Finally, of course, the physical trainer is never immune from injuring themselves during a session. To cover the expenses occasioned by this type of accident, a complementary health insurance seems inevitable. "Personal accident insurance" and covers you for any injuries you might have while performing your personal training activities.
We never want or expect injuries to happen, but like with most things, it is best to be prepared!
Does a Sports Educator Need Insurance Too?
On the Superprof website and among UK sports coaches in general, we find all kinds of teachers and coaches, from vastly different backgrounds and schooling who train and coach sports and physical activities.

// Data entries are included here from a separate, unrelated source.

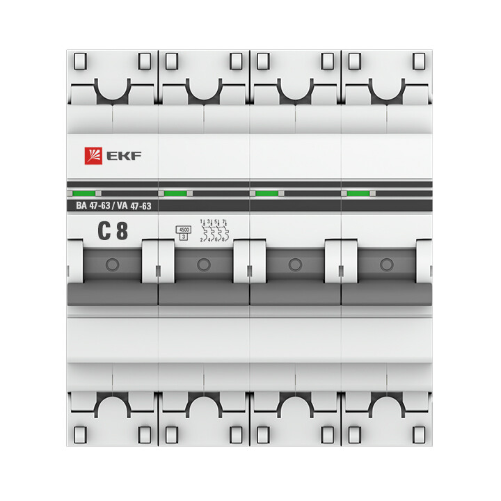 Автомат. выкл. 4-пол. 8А тип C 4,5kA серия ВА 47-63 EKF PROxima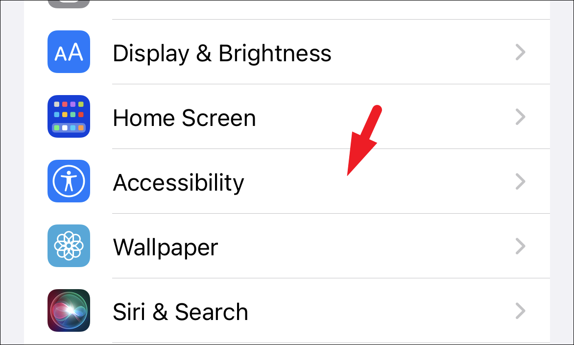 Next, on the Settings screen, scroll down to locate and tap on the ‘Accessibility’ option from the list to proceed.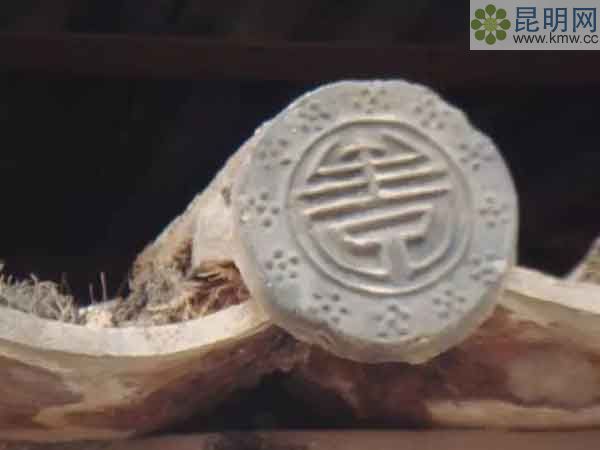 昆明地區“一顆印”式民居建筑的瓦當圖案多為花草紋,幾何紋,動物紋、漢字紋、回紋等。瓦當是屋面上覆蓋瓦縫的筒瓦其最下面一塊圓形的端頭裝飾,也稱“勾頭”。據考古調查資料顯示,瓦當早在西周晚期就出現了,到秦漢時已很常見。到隋唐時期,其紋飾圖案已較為豐富。明清時,瓦當藝術繼承了前人的多數圖案,但也隨著時代的發展演變了許多新的圖案,作為各地建筑中瓦當圖案又具有一定的地域特色。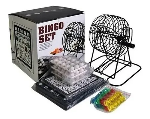 Cada juego viene con 18 tarjetas de bingo, 150 fichas de bingo, una tabla de bingo, jaula de metal, 75 bolas de plástico y las instrucciones.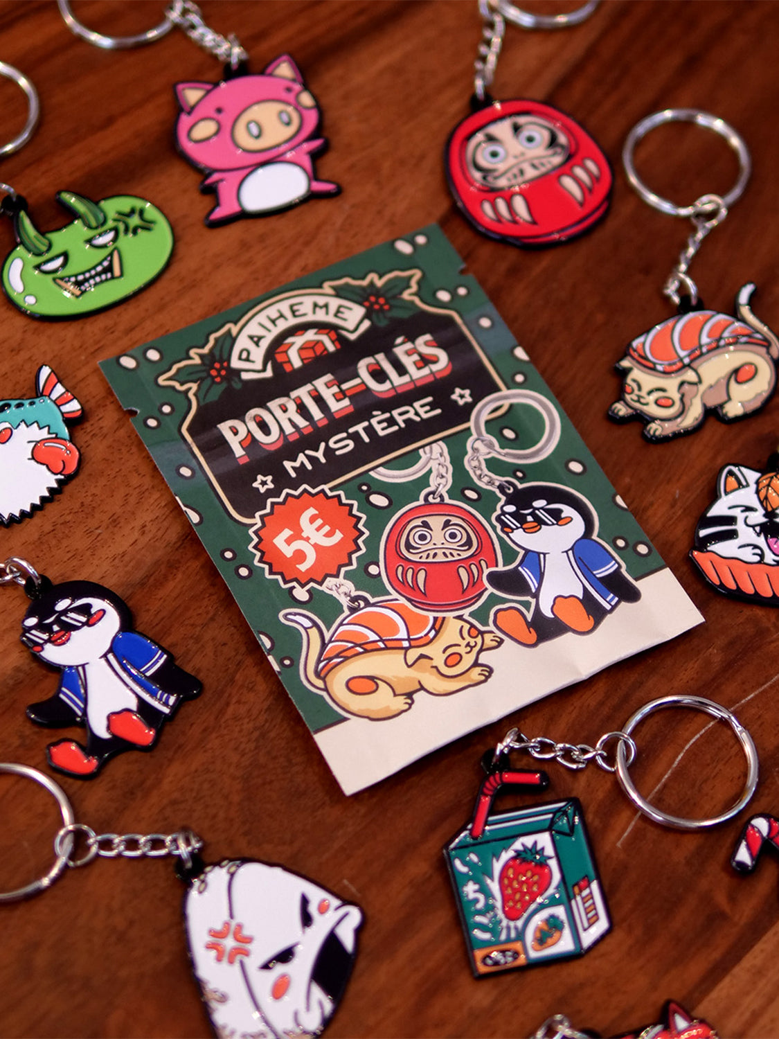 Ajoutez une touche de fun et de mystère à vos fêtes ! Chaque porte-clés est tiré aléatoirement parmi une collection illustrée par Paiheme Studio. On ne sait jamais sur lequel on va tomber… et c’est tout le plaisir !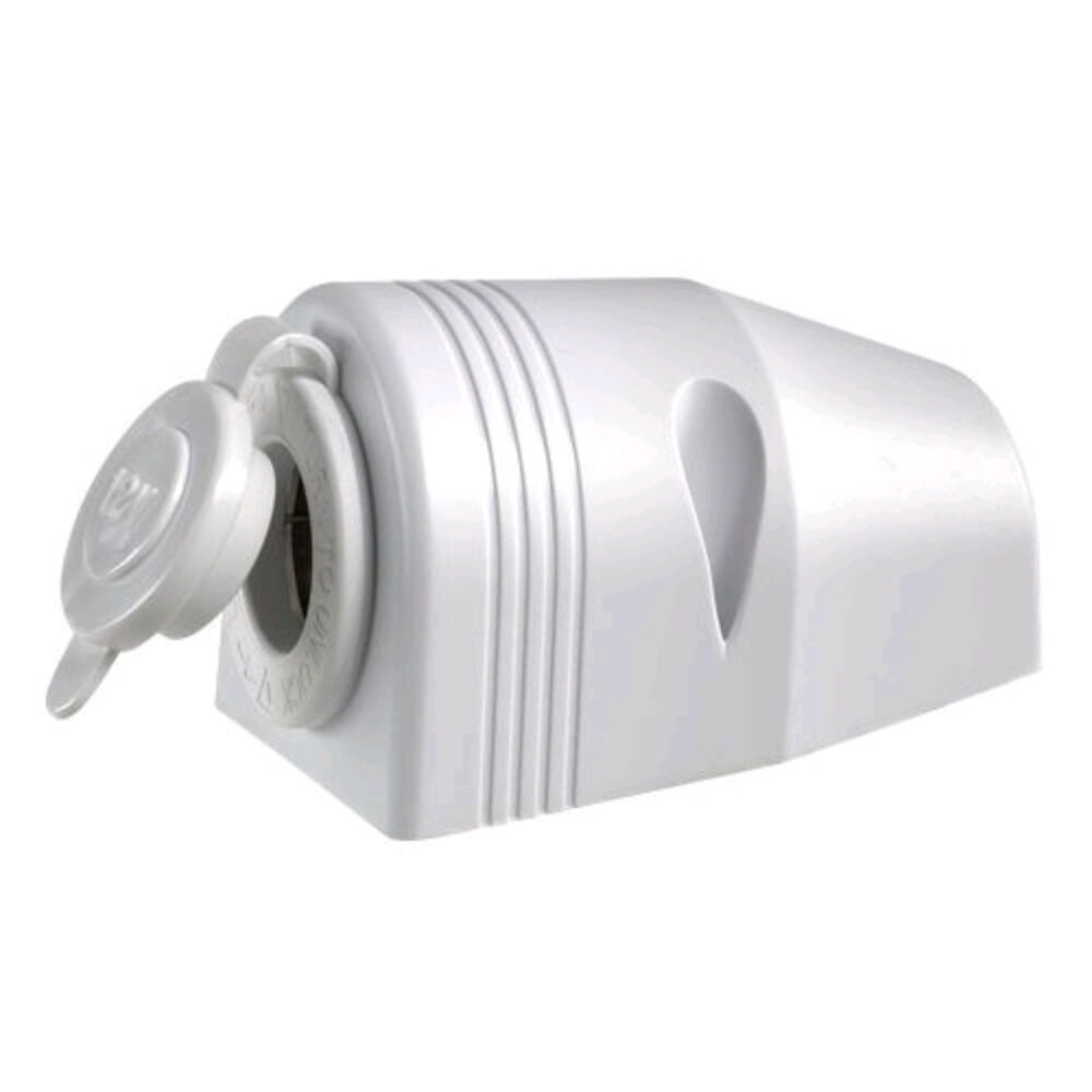 This surface mount accessory socket features a dustproof cover and stylish surface mount plastic housing. The moulded housing allows fitment to interior or exterior panels for easy installation. Specifications: Amperage rating 20A at 12V or 10A at 24V Colour: White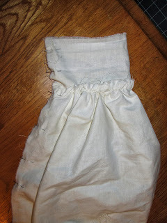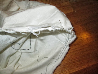 Sew a gathering seam all along the back of the neck hole, from shoulder to shoulder, and draw in the backof the neck.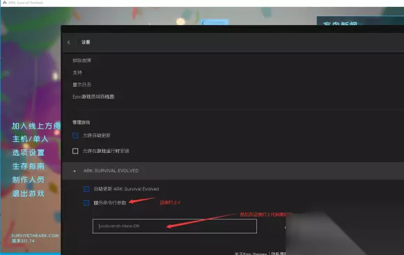 辐射3年度版epic中文设置教程 从Epic客户端的左下角选择设置 然后下拉到最下面、找到辐射3年度版然后把额外命令行打上√ 输入-culture=zh-Hans-CN这个代码就是中文了。 以上就是辐射3年度版epic中文设置教程的全部内容,想要了解最新游戏资讯和攻略的玩家们可不要错过了哦!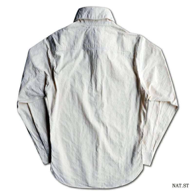この商品は産地兵庫県西脇の旧式シャトル織機による高密度コットン100%素材を使用したオリジナル素材で、経緯糸共に20番単糸を100本を超える高密度で打ち込むことで製造するこのファブリックは、白、インディゴ共に生地に独自の張りとコシ、シャリ感が生まれます。エリの高さを出しボタンダウンで仕立げた「エリに特徴を持つシャツ」として製造していますまた、1920年の懐中時計ポケット、緩やかなウエストライン、前後差を付けた立体形状により動き易さを追求したシャツです。

Among them, there is the Physical Education Teacher, or gym teacher, who practices in a middle or upper (secondary) school. These days, many of them no longer hesitate to find a supplementary salary by doing in-home sports coaching. It is indeed very practical.
But do they need to be insured for this after school activity as well?
As civil servants, they are insured in the establishment where they practice throughout the week. This means that outside the school or college where they work, yes, it is necessary for them to take liability insurance that will cover them in the event of bodily injury to their clients.
Every coach or trainer, even yoga or pilates instructors, who are giving private lessons with clients and getting paid to do so, would be wise to get liability insurance. Because this is a professional activity carried out in your own name. This day and age, why would anyone take a chance at finding themselves in court, losing their small business or even worse!?
Do the same thing for yourself as you would for your clients, practice sports in a safe way by insuring yourself.